Few will ever rival his commitment and sacrifice. We remain fiercely proud of his all too brief but lasting contribution to our current challenge. Our thoughts and prayers go out to his family and friends.

Major James Richardson, Officer Commanding B Company, 3 RIFLES, said:

The death of Rifleman Brown is, in many ways, particularly cruel. He had arrived with the company less than two weeks ago and had been very quickly integrated into his platoon and deployed to one of the patrol bases.

He had made a really good first impression, typical of the high quality Riflemen that are coming to us from training and that I am so lucky to command. He was already making his mark, and not just for his insistence that he should be known by his rather unflattering moniker of ‘Fat Head’.

He was beginning to show all of the hallmarks expected of the thinking Rifleman and was testimony to the generation of guys who are willing to take on the challenges that we face out here.

While he did not have a chance to forge the closest of relationships with his new battle partners his loss weighs heavily because of the unrealised potential and the strength of the initial signs. Our thoughts are with his family for whom this will have been the bitterest of blows.

Warrant Officer Class 2 Paul Kelly, Company Serjeant Major, B Company, 3 RIFLES, said:

I have known Rifleman ‘James’ Brown only a short time, he joined us approximately midway through the tour so far. He joined us at a difficult time but this did not faze him, he wanted to join his platoon and get started.

Apprehension is something we all have to deal with daily but James seemed to take it in his stride. His loss has hit us all hard but our thoughts must be with his family at this very difficult time.

Colour Serjeant Paul Lucke, Recce Platoon Commander, said:

Rifleman Brown sadly only joined the platoon a week ago. Importantly he fitted straight in. He found making friends easy and showed enough even from the first patrol that he could deal with the rigours of Afghanistan.

This was shown with him being appointed as one of our Vallon metal detector operators, an incredibly important job after such a short time with the platoon. He definitely had a bright future ahead of him within The Rifles.

Unfortunately he never will be able to show us his full potential. My thoughts remain with his family during this difficult time. He is truly worthy of the platoon’s motto: ‘We lead, you follow’.
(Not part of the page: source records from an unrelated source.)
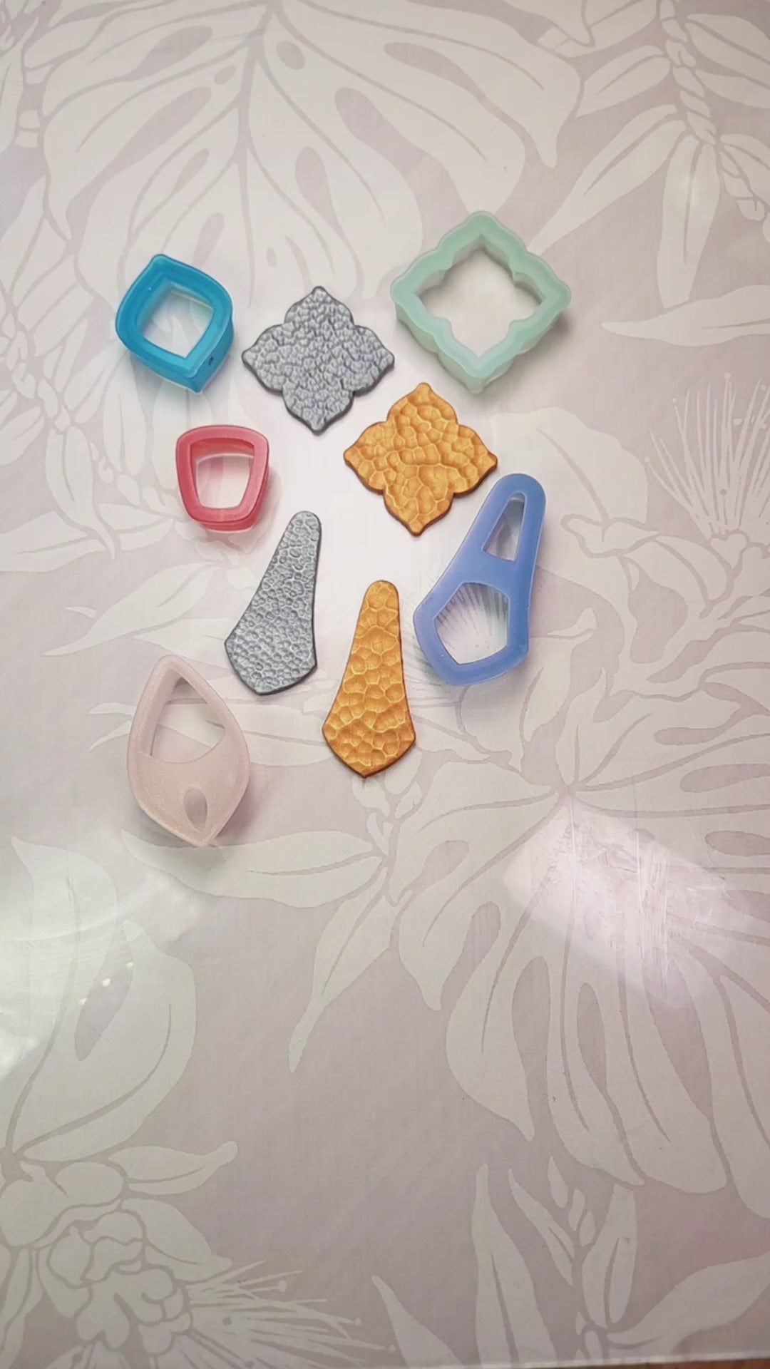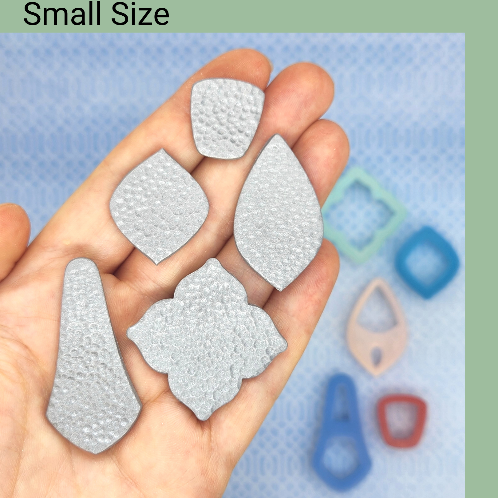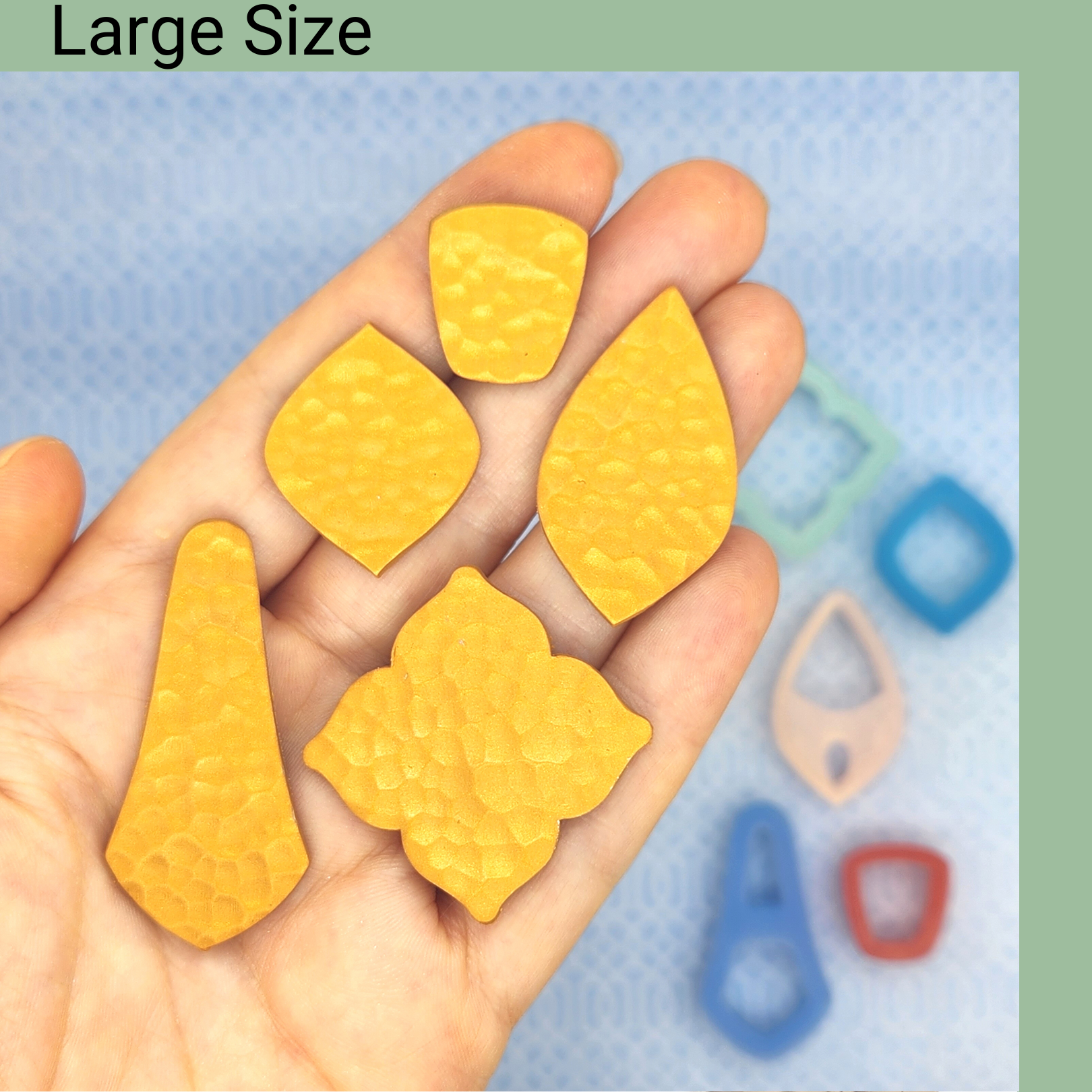 Seen here with the 5 cm Antique Teardrop cutter, 4 cm Aziza outline cutter, 4 cm Eve Teardrop outline cutter, 3 cm Miya outline cutter, and the 2 cm Brandy outline cutter.Ā
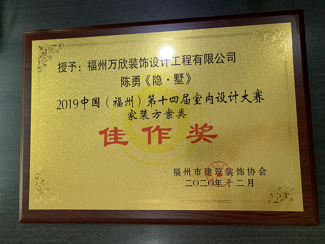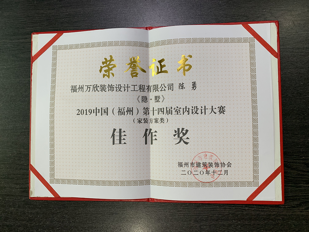 - >萬欣裝飾作品《隱.墅》被評為中國(福州)第十四屆室內(nèi)設(shè)計大賽(家裝方案類)佳作獎
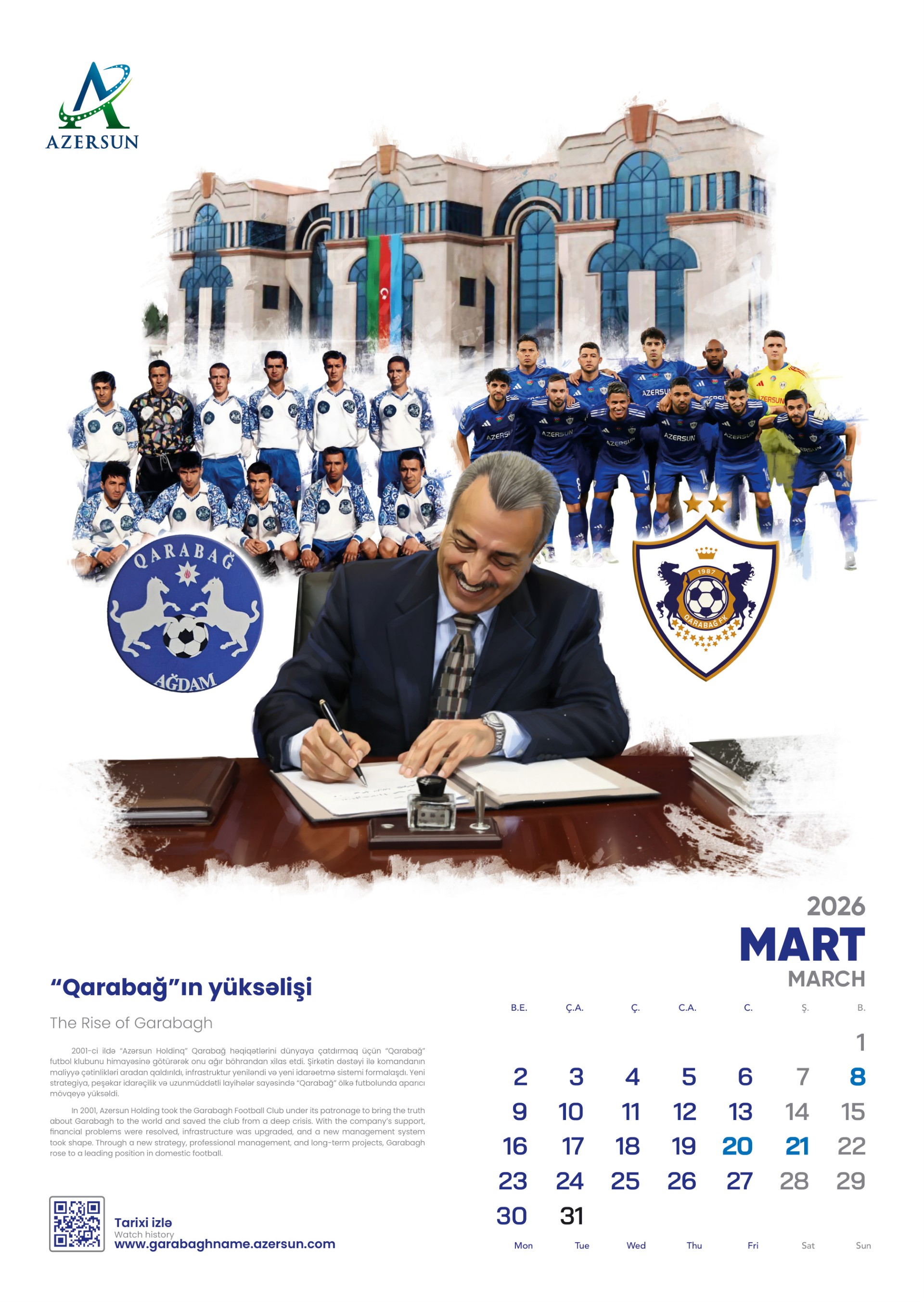 Təqvimdə həmçinin, holdinqin ədəbi qurucusu mərhum Abdolbari Gozalın klubun fəxri prezidenti olması, “Qarabağ”ın əfsanəvi futbolçuları, eləcə də komandanın ölkə daxilində və beynəlxalq arenada qazandığı tarixi qələbələrdən bəhs olunur.
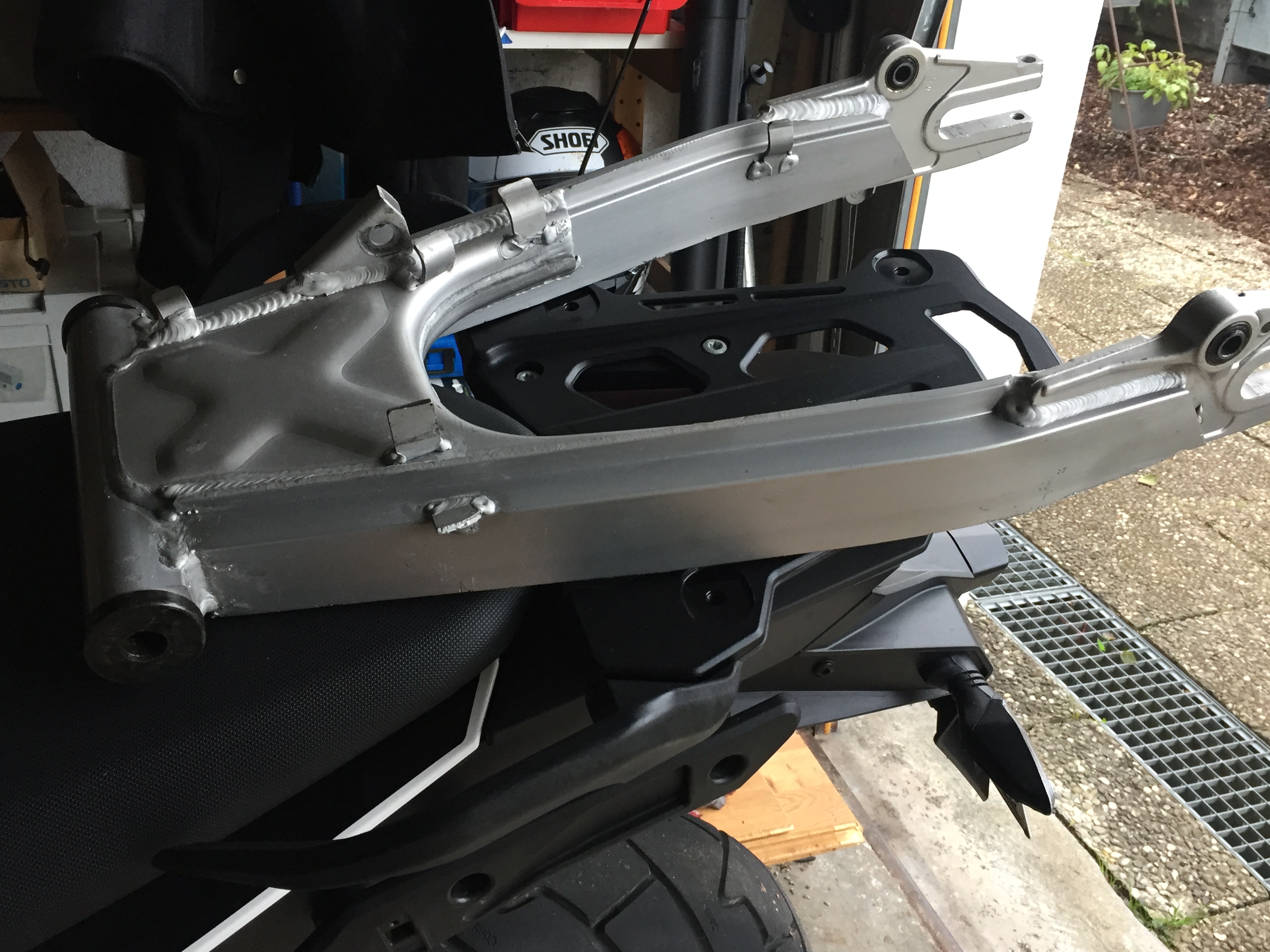Die Schwinge wird geputzt die Schutzblechhalterung muss hingeschweißt werden und kommt dann zu Emil Schwarz. Dort werden ihr neue Lager verpasst.
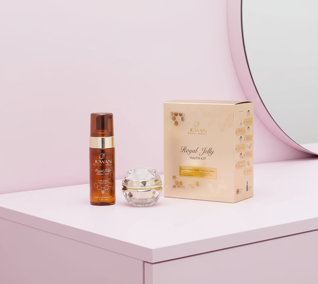کیت مراقبت پوست رویال ژلی به افزایش انرژی سلولهای پوست کمک کرده و موجب افزایش کلاژن سازی پوست و در نتیجه جلوگیری از پیری زودرس آن میشود. این محصول در جوانسازی پوست و رفع چین و چروکهای آن موثر است. نحوه استفاده از کیت مراقبت پوست رویال ژلی ژوان: روزی دوبار صبح و شب، ابتدا توسط فوم شستشو پوست صورت را از هرگونه آلودگی پاک کنید و سپس کرم رویال ژلی را روی سرتاسر پوست تمیز صورت پخش کنید.
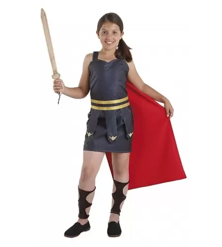 Roman warrior costume for 6,8, and 12 year-olds. comes with dress, skirt, belt, cape, and leggings.
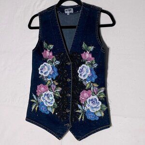 Vintage Jazzino Dark Wash Embroidered Beaded Button Up Denim Vest S
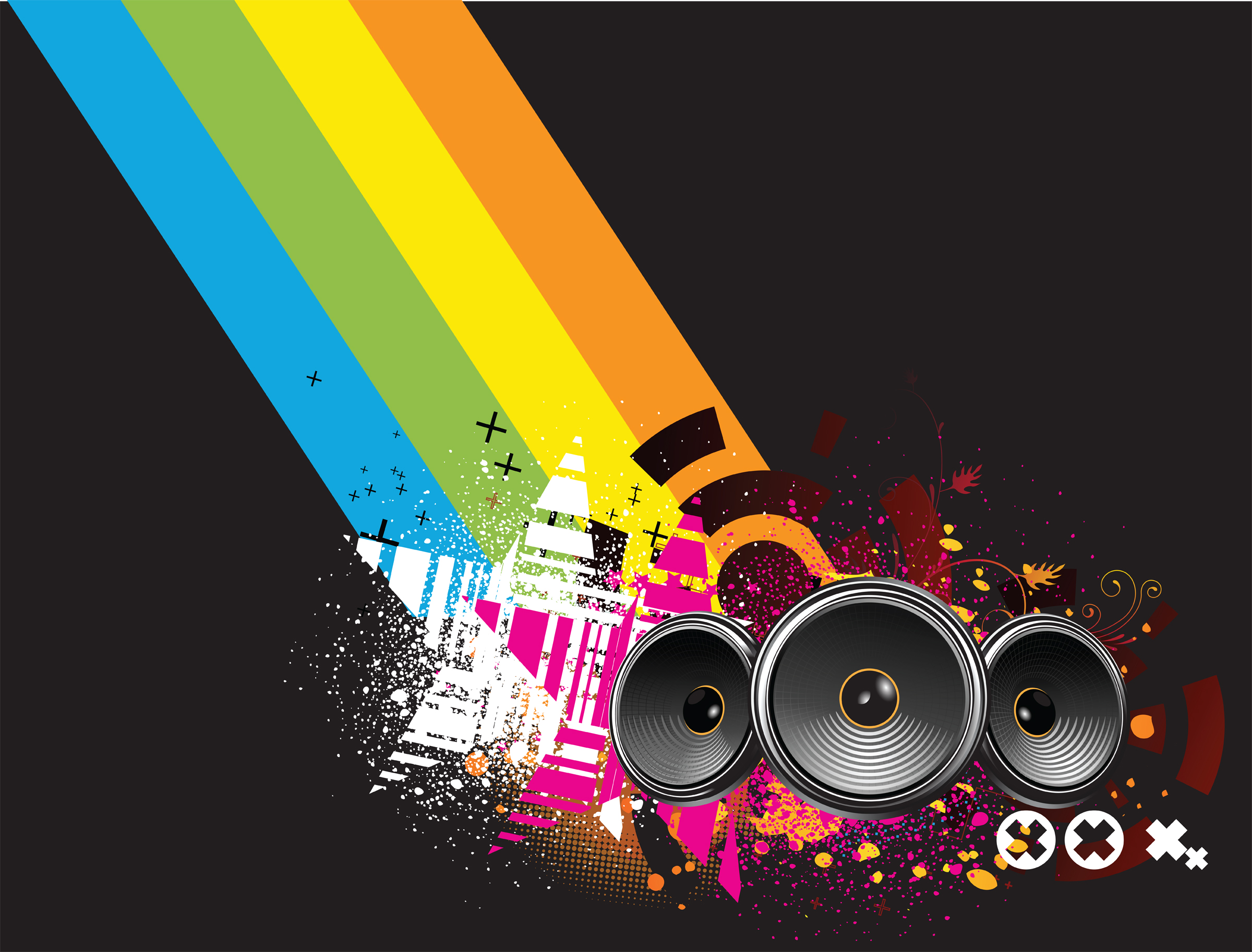 rainbow with star and speakers
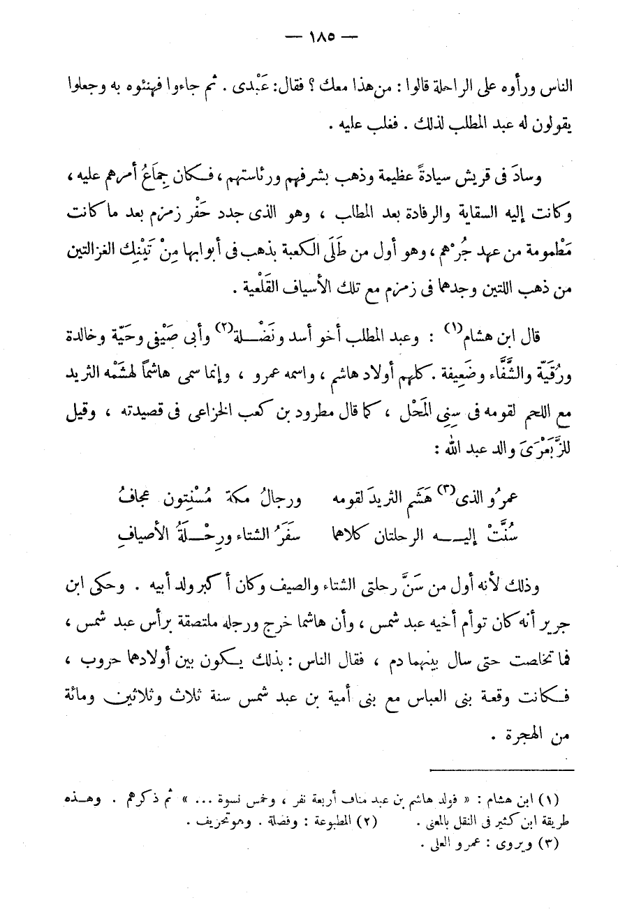 كُلُّهُمْ أَوْلَادُ هَاشِمٍ، وَاسْمُهُ عَمْرٌو، وَإِنَّمَا سُمِّيَ هَاشِمًا لَهَشْمِهِ الثَّرِيدَ مَعَ اللَّحْمِ لِقَوْمِهِ فِي سِنِي الْمَحْلِ، كَمَا قَالَ مَطْرُودُ بْنُ كَعْب الخزاعى فِي قصيدته، وَقيل للزبعرى وَالِد عبد الله: عَمْرو الذى (3) هَشَمَ الثَّرِيدَ لِقَوْمِهِ * وَرِجَالُ مَكَّةَ مُسْنِتُونَ عِجَافُ سُنَّتْ إِلَيْهِ الرِّحْلَتَانِ كِلَاهُمَا * سَفَرُ الشِّتَاءِ وَرِحْلَةُ الْأَصْيَافِ وَذَلِكَ لِأَنَّهُ أَوَّلُ مَنْ سَنَّ رِحْلَتَيِ الشِّتَاءِ وَالصَّيْفِ وَكَانَ أَكْبَرَ وَلَدِ أَبِيهِ.

Serjeant Slater, Recce Platoon Serjeant, said:

Rifleman Brown, known as ‘Brownie’, you were sadly only with us for your short time of a week. What I saw of you, you were a professional young man with a fearless character which singled you out from the rest.

You had an appetite for soldiering which was seen by all. You had all the tools for being a good recce soldier but sadly you were taken away. Rest! ‘We lead, you follow’.

Rifleman Atkinson said:

I only knew Rifleman Brown for a few months but he made a lasting impression on me and all others who met him. He looked to help everyone when he could and was very much a ‘team player’ whether in the field or even on the football pitch.

He was a very outgoing person and it did not take him long to make good friends. He made everyone around him laugh and always saw the positive side of life.

Rifleman Brown was someone who always spoke about his family, especially his dad, mum and girlfriend who he missed very much. His loss is felt massively within the platoon. He was and always will be a true Rifleman. Rest in peace, mate.

Defence Secretary Bob Ainsworth said;

I was extremely saddened to learn of the deaths of Lance Corporal David Kirkness and Rifleman James Brown. They were killed as they were working side by side with their Afghan Army counterparts to provide security and reassurance to the local population.

My thoughts and condolences are with their family, friends and colleagues at this sad time.